Q1: Agent-specific contexts are not uncommon in multi-agent system design, which limits the novelty.
We would like to clarify that OHCache serves as a communication architecture rooted in a novel data structure, called the Oriented Message Hypergraph, to store and retrieve messages or cache files. Every component in OHCache is necessary to address three critical limitations in MAS for open-web data collection tasks: (i) information overload from broadcast messaging, (ii) ineffective unstructured natural language interface, and (iii) propagation of unnecessary artifact-embedded messages.
Specifically, to tackle the information overload issue, unlike existing works, e.g., AgentPrune [1] and G-Designer [2], that employ pairwise graphs for agent communication, we design a novel data structure called Oriented Message Hypergraph to enable one-to-many message sharing.
Existing works [3, 4] commonly employ natural language for communication, which is ineffective in message sharing. To handle this challenge, AutoData leverages the oriented hypergraph formatter to structure the messages into JSON. The structured messages allow subsequent agents to capture salient information. Moreover, the oriented hypergraph formatter is responsible for inserting the message into the oriented message hypergraph based on the pre-defined relationship.
To prevent the token waste in the propagation of artifact-embedded messages, we introduce a local cache system to store artifacts so that all agents are able to access cached artifacts on demand, without polluting the communication channel.
We further emphasize the contributions of our work:
- We introduce a fully automatic multi-agent system, called AutoData, that consists of eight specialized agents and a novel oriented hypergraph cache system for efficient and effective multi-agent collaboration, that turns a one-sentence data requirement into a ready-to-use dataset.
- We introduce a newly collected benchmark,k Instruct2DS, the first benchmark dataset to evaluate the performance of models for open web data collection tasks.

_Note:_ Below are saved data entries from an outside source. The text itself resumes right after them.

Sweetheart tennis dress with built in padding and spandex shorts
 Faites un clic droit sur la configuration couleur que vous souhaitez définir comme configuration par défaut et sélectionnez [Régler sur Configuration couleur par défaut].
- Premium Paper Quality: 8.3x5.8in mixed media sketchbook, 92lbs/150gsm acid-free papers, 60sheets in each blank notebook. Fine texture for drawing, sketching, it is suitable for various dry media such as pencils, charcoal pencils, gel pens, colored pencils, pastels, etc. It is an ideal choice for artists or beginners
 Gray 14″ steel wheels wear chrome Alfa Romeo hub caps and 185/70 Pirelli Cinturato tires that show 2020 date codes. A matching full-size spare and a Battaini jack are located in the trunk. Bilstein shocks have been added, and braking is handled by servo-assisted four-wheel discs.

Q2: How the system handles underspecified or vague user instructions and out-of-domain webpages isn’t deeply explored, which raises doubts about its robustness.

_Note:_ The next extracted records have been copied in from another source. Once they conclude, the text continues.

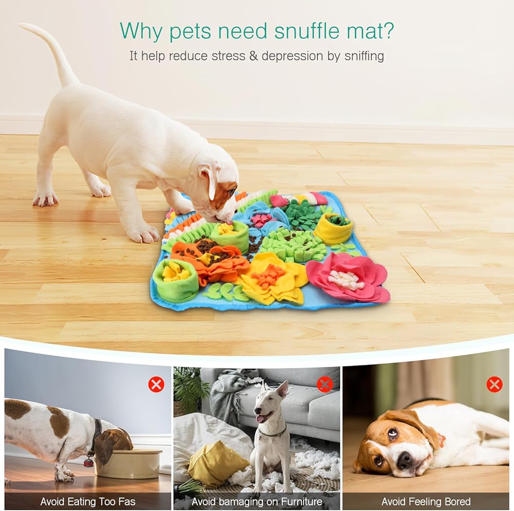 ORIA Snuffle Mat for Dogs, 15.4 x 15.4'' Slow Feeder Mat for Mental Stimulation, Foraging Training & Anxiety Relief, Interactive Puzzle Toy, Pet Foraging Mat for Small Dogs, Puppies, Cats, Rabbits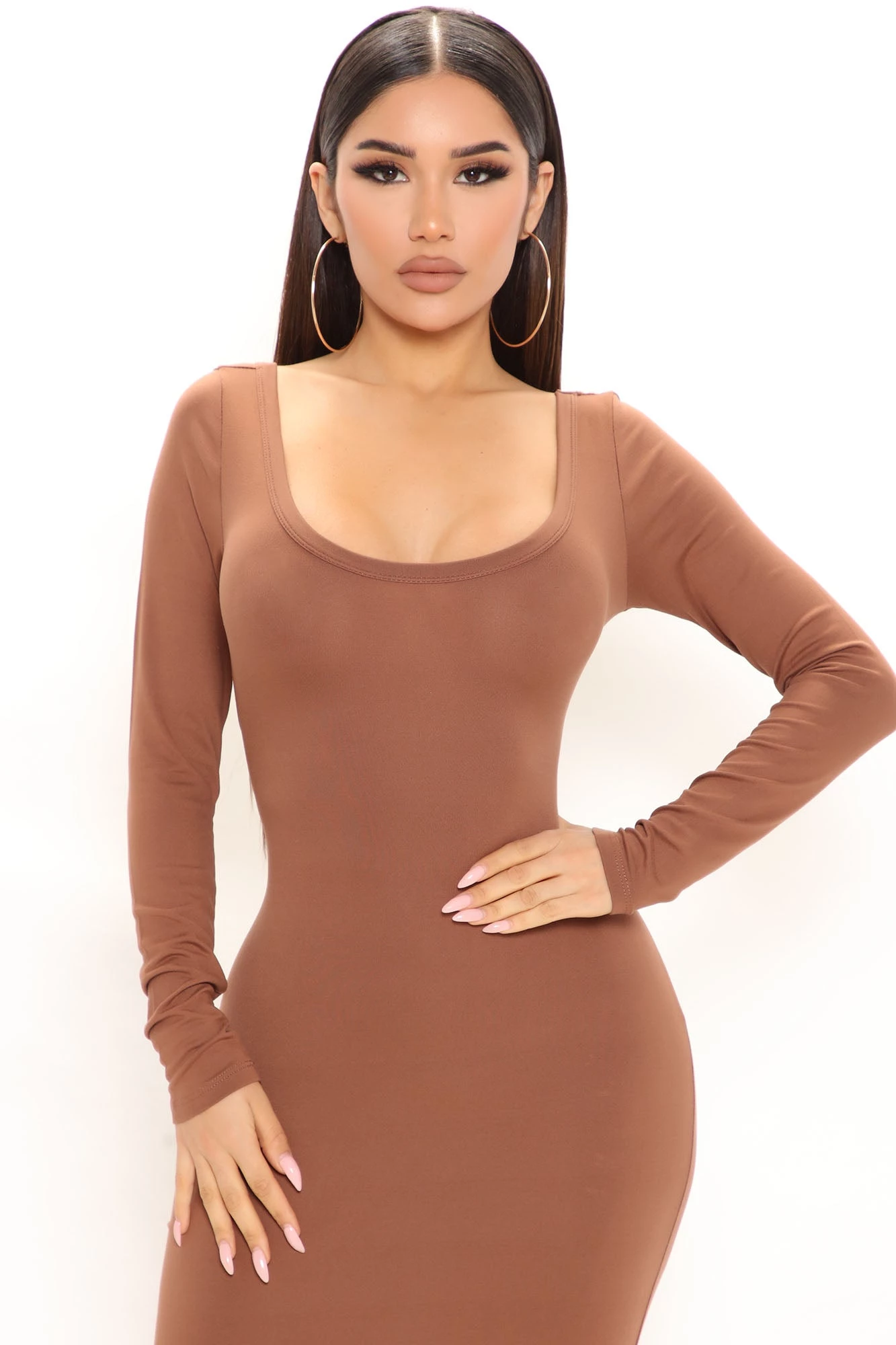 SKU: 6536235548796 Category: Midi Dresses Tags: casualdresses, color:Brown, ColorFam-Brown, Dresses, Essentials, july4, length:Midi, Long Sleeve, Midi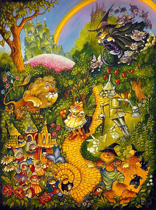Snow White And Friends White Modern Wood Framed Art Print with Double Matting by Bell, Bill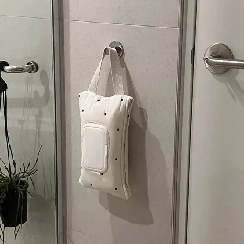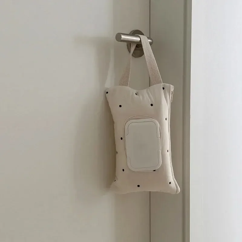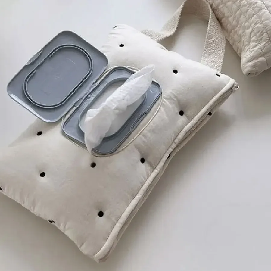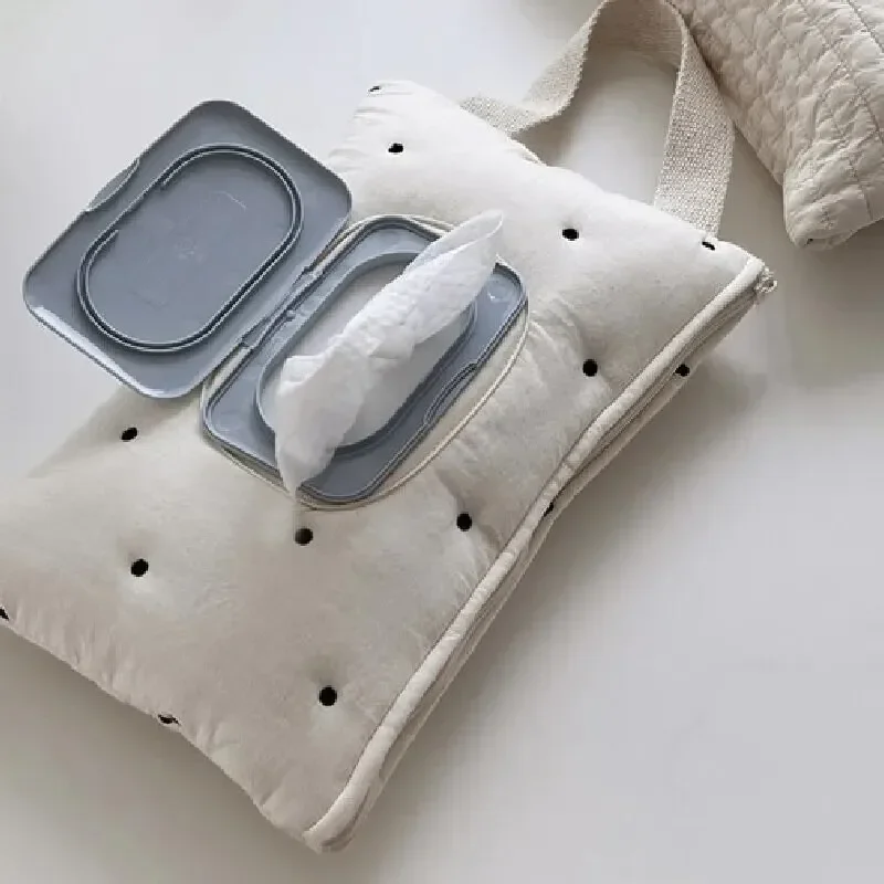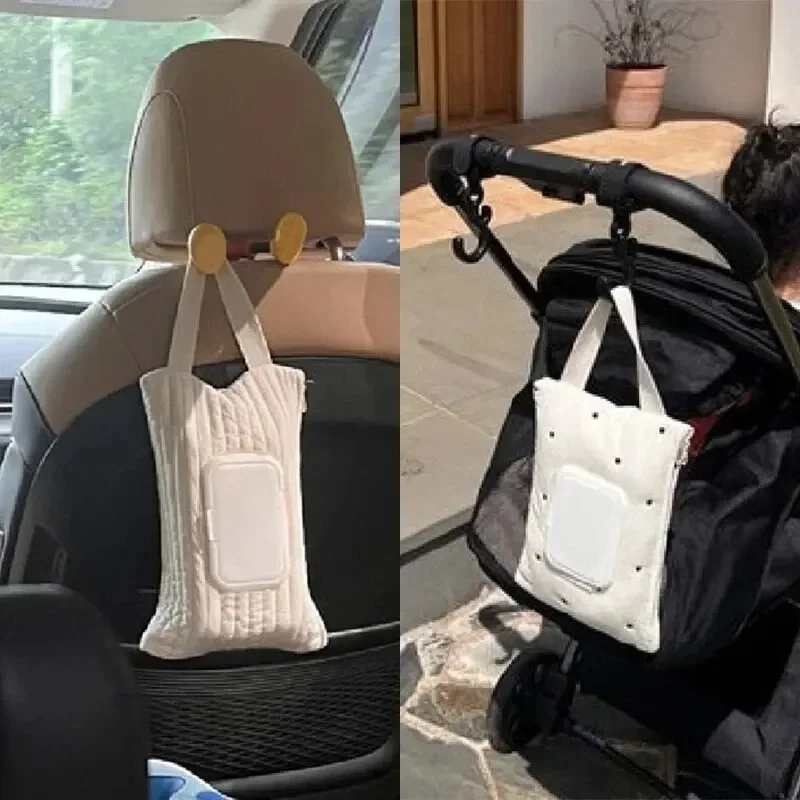 Baby Car-mounted Tissue Box Cute Dot Striped Paper Holder Storage Box Stroller Hanging Bag Detachable Napkin Storage Bag

We appreciate the reviewer's valuable comments. For underspecified or vague user instructions, AutoData can extend with a simple interface agent on top of the current system to interact with users to clarify the underspecified or vague requirements. This feature is similar to the design in Manus and OpenAI Deep Research. Specifically, interface agent is activated when the user's instruction is unclear. This agent interacts with the user to clarify unclear requirements. After refining the instruction, AutoData remains automatic for open web data collection with no human effort. In our experiments, since Instruct2DS has well-defined instructions, and for a rigorous and fair comparison with baseline methods, we do not include this agent.
To validate the robustness of AutoData beyond the Instruct2DS benchmark, we have conducted two case studies, i.e., children's picture book collection and paper collection from the survey in Section 5.5, to assess the performance of AutoData in domains not included in the benchmark. These two tasks are more challenging, involving multi-level, in-depth HTML crawling and separate crawling of individual sources. We compared it with the industry-level method, i.e., Manus. The results demonstrate AutoData's applicability, cost efficiency, and robustness.

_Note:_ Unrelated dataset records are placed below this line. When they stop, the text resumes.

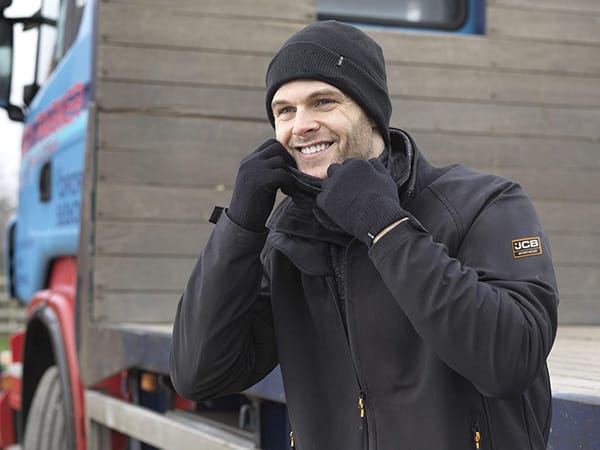 JCB Winter Hat, Work Gloves and Snood Set: Packaged in a branded JCB retail tube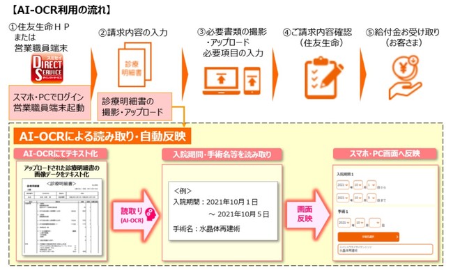住友生命ホームページのお客さま専用ページや営業職員のタブレット端末を通じた給付金請求において、医療機関から発行される診療明細書の撮影・アップロードすることで、入院期間や手術名等をAI-OCRで読み取ります。読み取った情報はお客さまのパソコンやスマートフォンに反映する機能を搭載し、請求情報入力にかかるお客さまのご負担を軽減します。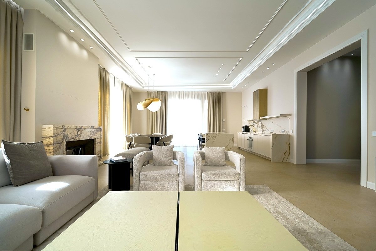 1 этаж: холл, гардеробная, гостевой санузел, гостиная с камином, кухня, столовая с выходом на террасу, кабинет, комната отдыха, сауна, комната персонала с отдельным входом, постирочная, бойлерная.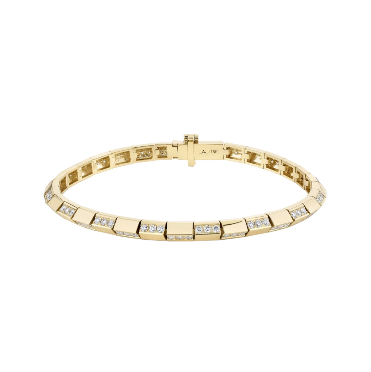 This piece by Lizzie Mandler is an interesting take on a tennis bracelet. It’s 18k yellow gold set with 1.78 carats of diamonds in an alternating pattern.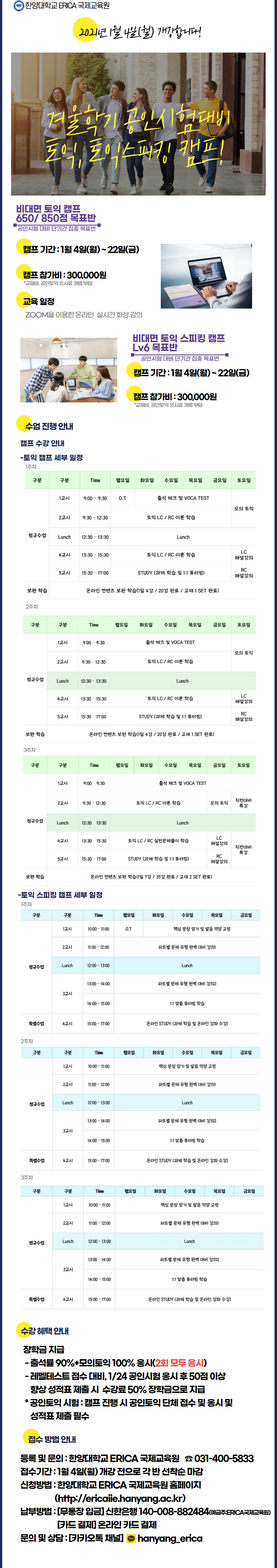 한양대 에리카 겨울학기 비대면 토익 캠프
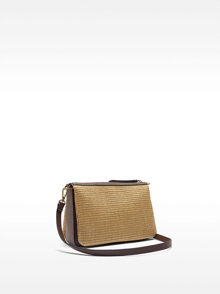 Üç bölmeli, hasır efektli çapraz askılı çanta. İç astarlı. Fermuar kapamalı. Fermuarlı dış cep. Ayarlanabilir askılı.
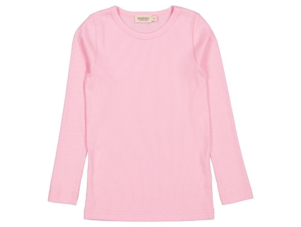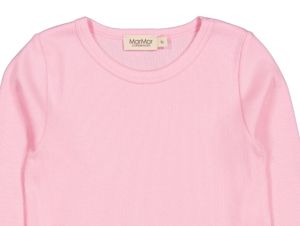 Lyserød langærmet basis t-shirt i ribkvalitet fra Mar Mar Copenhagen 252-115-32 pink blossomRund halsudskæring på lyserød langærmet basis t-shirt i ribkvalitet fra Mar Mar Copenhagen 252-115-32 pink blossom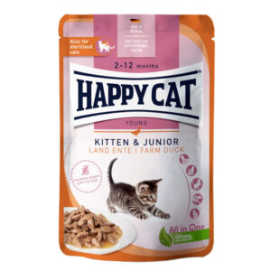 HAPPY CAT KITTEN AND JUNIOR STERILISED MEET IN SAUCE DUCK 85gr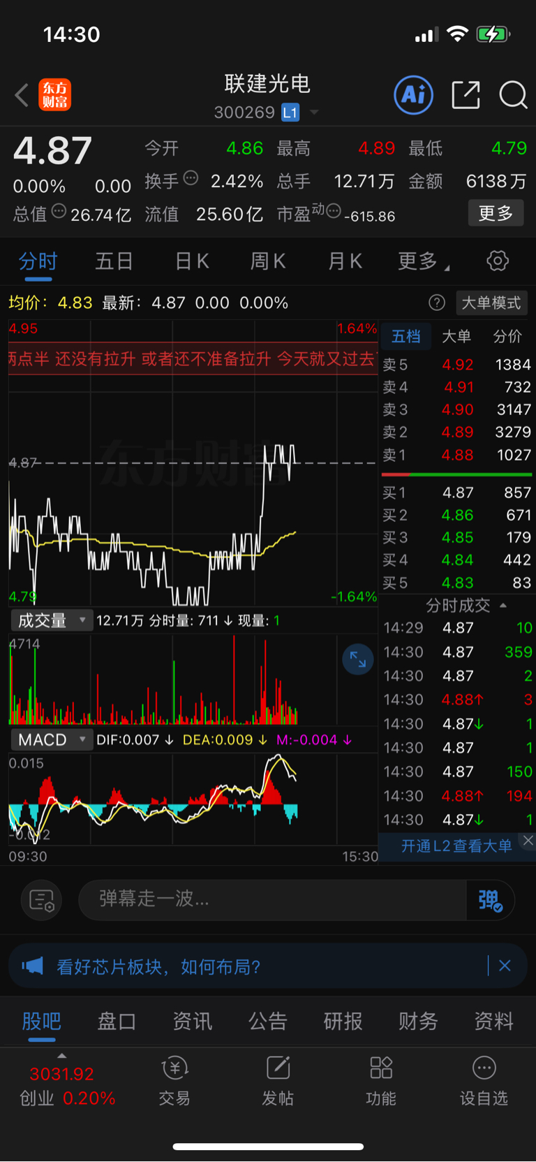 $联建光电(SZ300269)$ 两点半还不准备拉升,又过一天了,浪费这长时间的调整机会哦

Q3: It’s unclear how the manager agent prioritizes conflicting or simultaneous message paths
AutoData employs a sequential agent workflow, as each agent's output influences subsequent workflow decisions. The manager agent serves as the central orchestrator, i.e., determines the agent to execute next based on previous results and messages stored in OHCache. OHCache functions purely as a message-sharing and caching system, which means message delivery itself does not trigger agent execution. This separation ensures the manager agent maintains full control over the execution flow while OHCache optimizes communication among agents. Thank you for the question. We will clarify the workflow of AutoData in our next revision.
Q4: How are role-to-target mappings maintained or adapted? Are they hard-coded or learned over time?
Our role-to-target mappings are simply hard-coded. During development, we have explored agents to dynamically select message recipients. However, this approach hinders agents from performing their primary tasks and increases system complexity without corresponding benefits. Our current role-based message sharing already achieves superior performance compared to baseline methods while maintaining simplicity. The predefined communication patterns ensure agents remain focused on their specialized functions rather than communication logistics, resulting in both better task performance and lower computational overhead.
Q5: Could the OHCache framework generalize to other tasks beyond web data collection? Which part of the design would require major changes?
OHCache framework is applicable to domains beyond open web data collection with minimal adaptation: (i) Defining agent roles and communication patterns; (ii) Specifying message formats for the domain; and (iii) Identifying reusable artifacts to cache.
For instance, in a financial trading system, specialized agents would include a market monitor (tracking prices), a news analyzer (processing events), technical analysts (computing indicators/ analysis information), a risk manager (evaluating exposure), and an execution agent (placing trades). When the news agent identifies breaking information, OHCache creates a directed hyperedge from {news agent} → {technical analyst, risk manager}, ensuring only relevant agents receive the message while excluding others (e.g., execution agent) who don't need raw news. The cache system would store computationally expensive artifacts like historical market data, processed news summaries, and technical indicators, preventing redundant calculations and API calls. This selective message sharing and caching would reduce both latency and computational costs compared to broadcast-based communications.
[1] Cut the Crap: An Economical Communication Pipeline for LLM-based Multi-Agent Systems. ICLR’25
[2] G-Designer: Architecting Multi-agent Communication Topologies via Graph Neural Networks. ICLR’25 Workshop.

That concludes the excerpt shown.